その課題を克服するためコニカミノルタQOLソリューションズは、入居者を認識するセンサーの販売だけではなく技術導入の検討からデータ分析までを支援する新しいサービスを開始した。技術だけを提供する企業は多いが、サポートまで手掛けるのは珍しいという。コニカミノルタQOLソリューションズにとってはセンサー技術を提供する他の企業との差異化の意味もありそうだ。同社の三浦社長はサポートの販売について、「2019年度は50施設、2020年度は100施設を目指す」と話した。

ICTはなかなか介護現場に定着していないのが現状だ。

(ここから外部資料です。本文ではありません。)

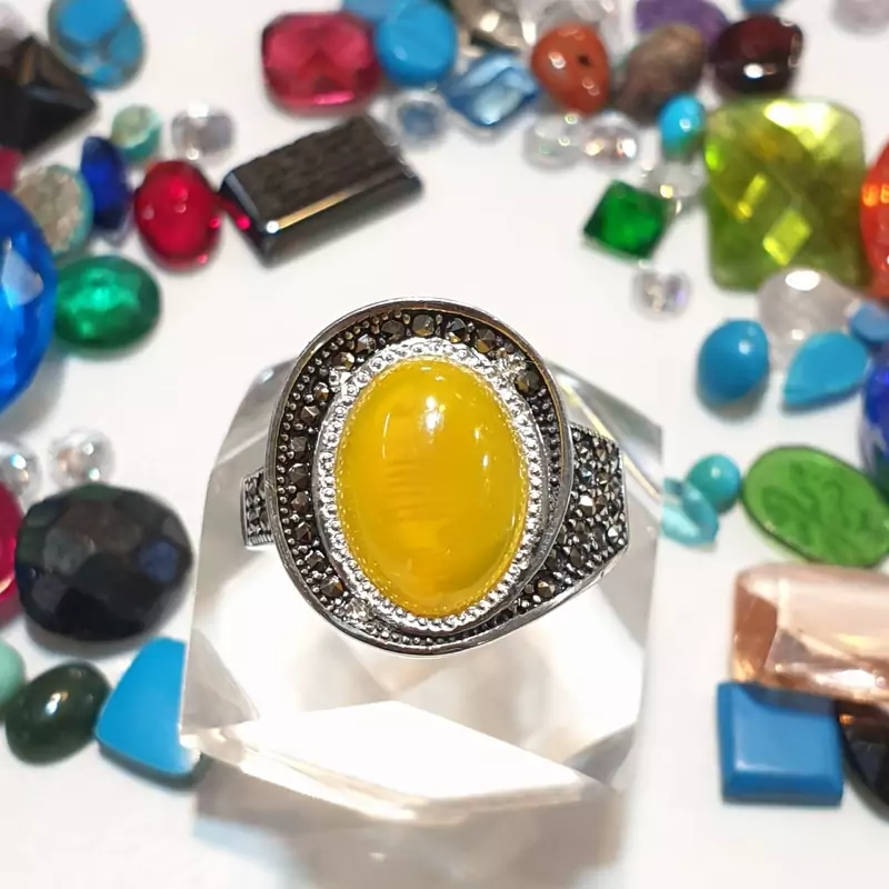 نگین عقیق زرد خراسانی با حکاکی شرف شمس به موقع و با آداب حکاکی شده جهت خانوما. هدیه روز 19 فروردین. مناسب جهت نماز . دارای خواص شادمانی . حفظ از بلا. سفارش شده جهت رزق و روزی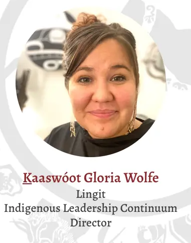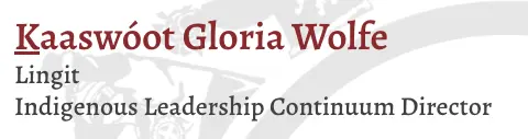 The module headline here is "_K_aaswóot Gloria Wolfe | Lingit | Indigenous Leadership Continuum Director".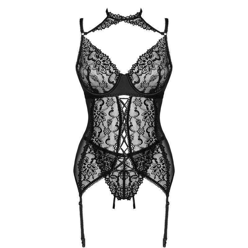 Das Giellandra-Korsett für die Sinne ist ein Set der luxuriösen polnischen Marke LivCo Corsetti Fashion, bestehend aus 2 Elementen – einem Korsett und einem Tanga. Die Unterwäsche ist in klassischem Schwarz gehalten. Das Korsett wird mit Haken befestigt, was eine Anpassung ermöglicht und Komfort garantiert. Es ist auch möglich, die Länge der Träger zu verstellen und Strümpfe anzubringen, was das Styling erheblich abwechslungsreicher macht. Dies ist ein perfektes Angebot für Frauen, die Wert auf Komfort legen, aber nicht auf ein sinnliches Aussehen verzichten möchten. Die Unterwäsche besteht aus 90 % Polyamid und 10 % Elasthan. Durch diese Materialkombination ist das Outfit sehr flexibel und schränkt die Bewegungsfreiheit nicht ein. Das Set enthält dekorative Einsätze aus strapazierfähiger Spitze, die weibliche Formen an allen wichtigen Stellen betonen. Der Schnitt und die Bindung am Bauch machen das Korsett raffiniert und lassen gleichzeitig Raum für Fantasie. Ein ungewöhnliches Element ist ein Halsband, das die Aufmerksamkeit auf Hals und Schlüsselbeine lenkt. Dieses sexy Korsett wird sicherlich viele romantische Abende aufpeppen.

介護施設の管理者は業務効率化のために技術を導入するが、現場で導入の意図が理解されず活用が進まないケースが多いという。介護施設を運営する善光会理事の宮本隆史最高執行責任者は現場に定着しない理由として、「介護施設のスタッフは流動性が高く、年齢層が高い場合もある。全ての職員が機器の操作方法を熟知するのは難しい」と指摘する。

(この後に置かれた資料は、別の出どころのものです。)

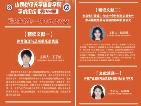 第193期学术论坛——研究生读文献活动在学院会议室及线上同步举行。本期论坛聚焦体育治理、性别平等、体育经济等前沿议题,由2025级研究生王子灿、陈菲儿进行文献精讲,2025级研究生冯海蓉进行文献速递。学院全体研究生积极参与研讨,现场交流深入,学术氛围浓厚,学院学科与研究生办主任王雁副教授主持活动。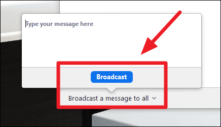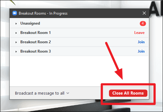 Once your breakout rooms are open, and all participants have joined their respective rooms, you could send a broadcast message to all of them by clicking on the ‘Broadcast a message to all’ button on the Breakout Rooms window.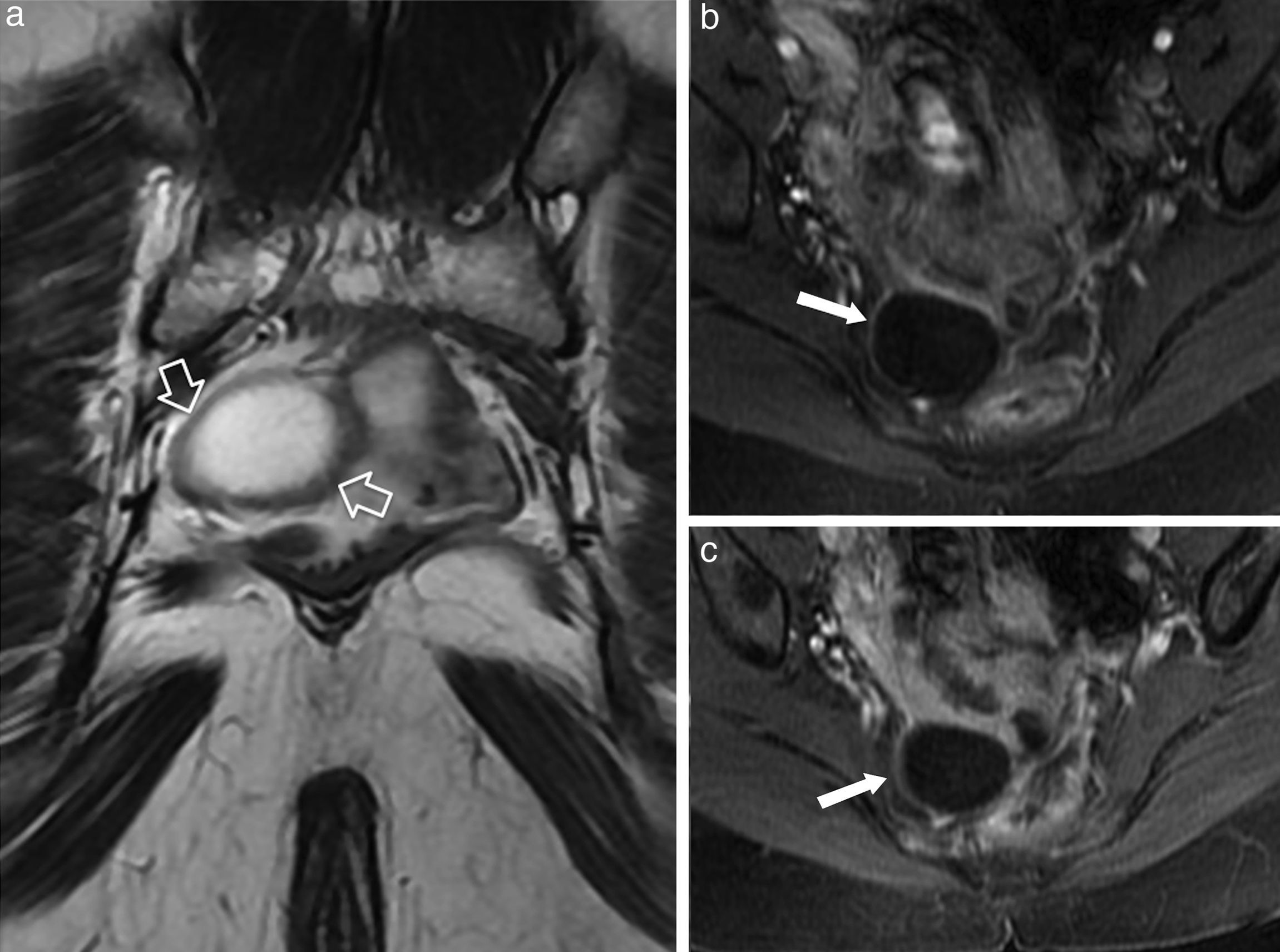 La patología benigna anorrectal comprende una amplio grupo de procesos de muy diversos orígenes, congénitos o adquiridos, inflamatorios o tumorales. Sin embargo, ha recibido en la bibliografía científica menor atención que el estudio de la patología tumoral maligna. Presentamos una revisión basada en imágenes de la patología benigna anorrectal más frecuente. En esta primera parte realizamos un recuerdo anatómico y una breve descripción de las peculiaridades del protocolo de alta resolución que empleamos con la RM de 3.0 T. Después describimos los principales tumores benignos anorrectales y lesiones quísticas del desarrollo junto con sus principales diagnósticos diferenciales y las anomalías congénitas y adquiridas del complejo esfinteriano anorrectal.

そこでコニカミノルタQOLソリューションズは、システムの販売だけではなく技術導入の検討からデータ分析までの支援にも力を入れる。支援の一環として同社は、IT機器とデータを活用し、業務を効率化する専門の職種である「ケアディレクター」を育成するプログラムを開始する。

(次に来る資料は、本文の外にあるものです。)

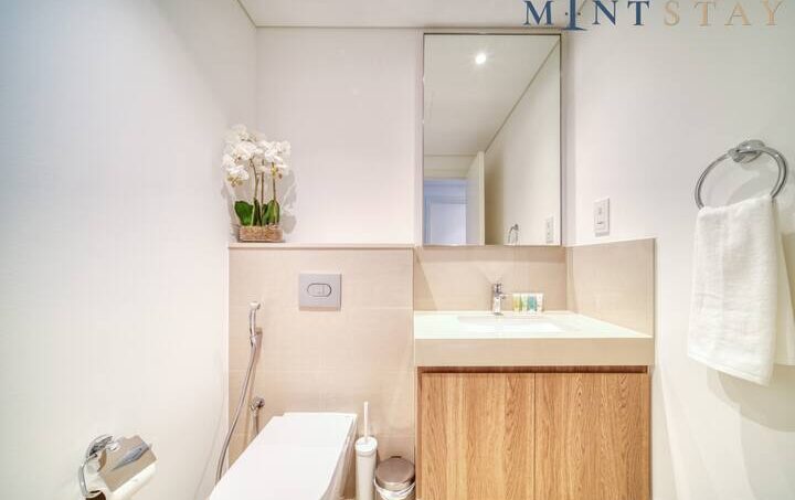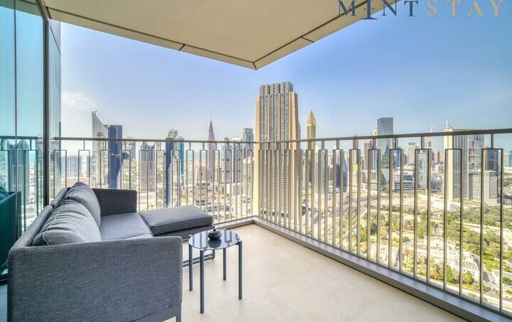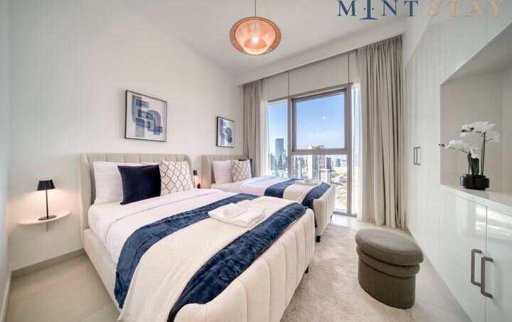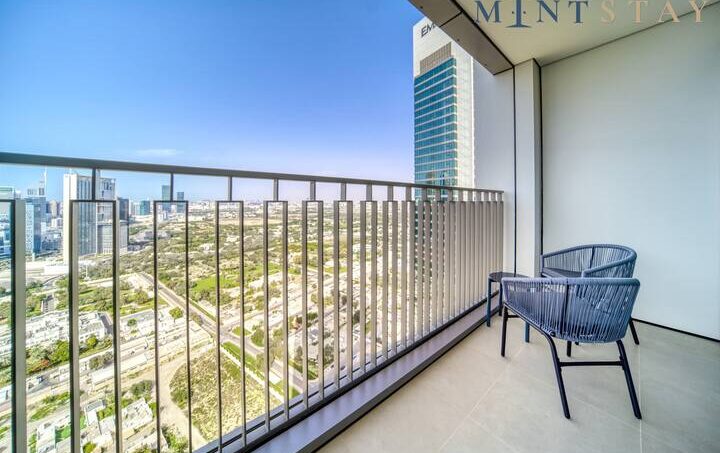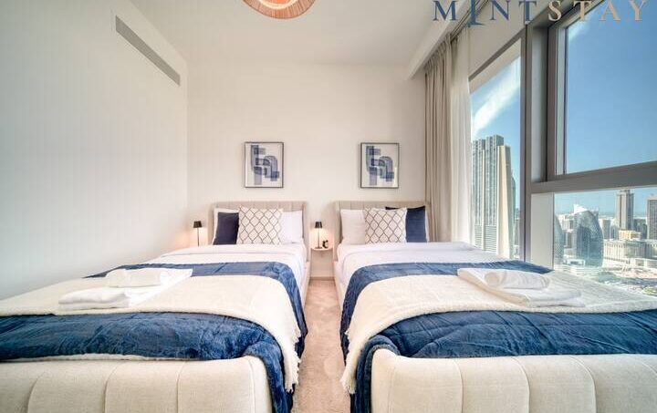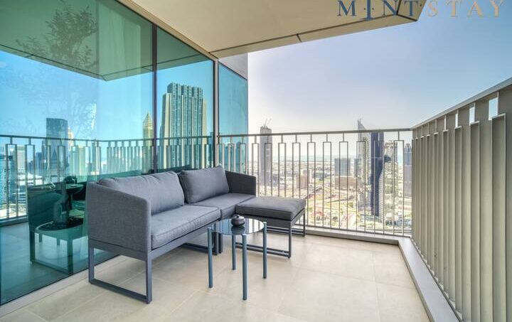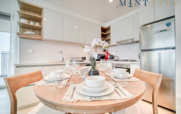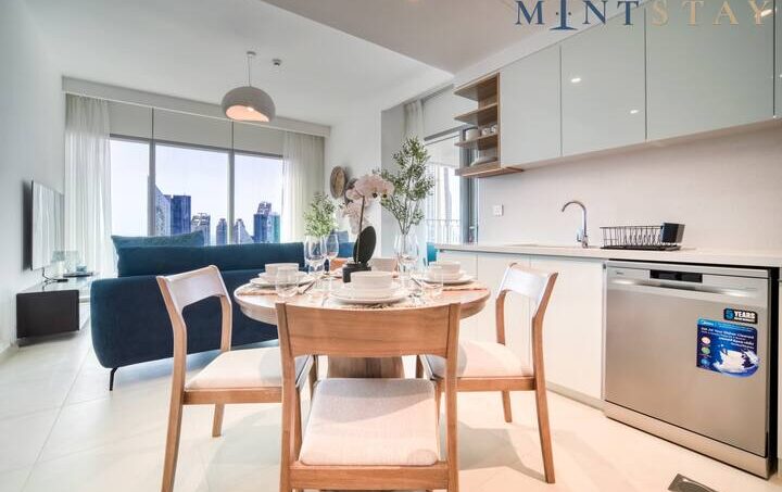 Just giving you the scoop on this amazing apartment. The views are unreal – you’ve got the Dubai skyline, the bustling city life, and a glimpse of the iconic Dubai Frame. And guess what – there’s a private balcony where you can kick back with your coffee but if you’re more of a homebody, no worries! The living room sofa is super comfy for some serious Tv time, and with lightning-fast Wi-Fi, you can easily connect with your family or friends in the digital world. And let’s chat about the kitchen – it’s stocked with everything you need to whip up a feast: fridge, oven, microwave, toaster, electric kettle, and both a Nespresso and drip coffee machine. You name it! After a tasty meal at the dining table, just toss those dishes in the dishwasher and let the washing machine do its thing while you relax

コニカミノルタQOLソリューションズによるとケアディレクターとは、基本介護技術を備えた一般スタッフや、指導や管理を行うユニットリーダーよりも上位に位置する人材。ICT機器を活用して適切に現場に情報提供を行ったり、現場の運用を効率化したりする。
ケアディレクターを育成するプログラムの受講者は、対面講義とeラーニングで学習する他、コニカミノルタQOLソリューションズの専属コーチと共に実際の現場で運用する訓練を行う。教育コンテンツは善光会が監修した。プログラム終了後も現場の業務状況はサーバーを介して専属コーチに共有され、ケアディレクターは遠隔でアドバイスを受けることも可能だ。
コニカミノルタQOLソリューションズは、介護事業を手掛けるコニカミノルタの子会社。同社は介護施設の天井に設置した行動分析センサーを活用し、介護業務を効率化するシステム「ケアサポートシステム」を販売している。センサーは介護施設の入居者の起床や離床、転倒などを認識し、スタッフが持つスマートフォンに映像を配信したり通知したりする。スタッフは居室内の状況を把握しやすくなり、次に行うべき行動を判断しやすくなる。これまで居室内の状況は把握しにくく、スタッフは転倒などが起きた後に対応せざるを得なかった。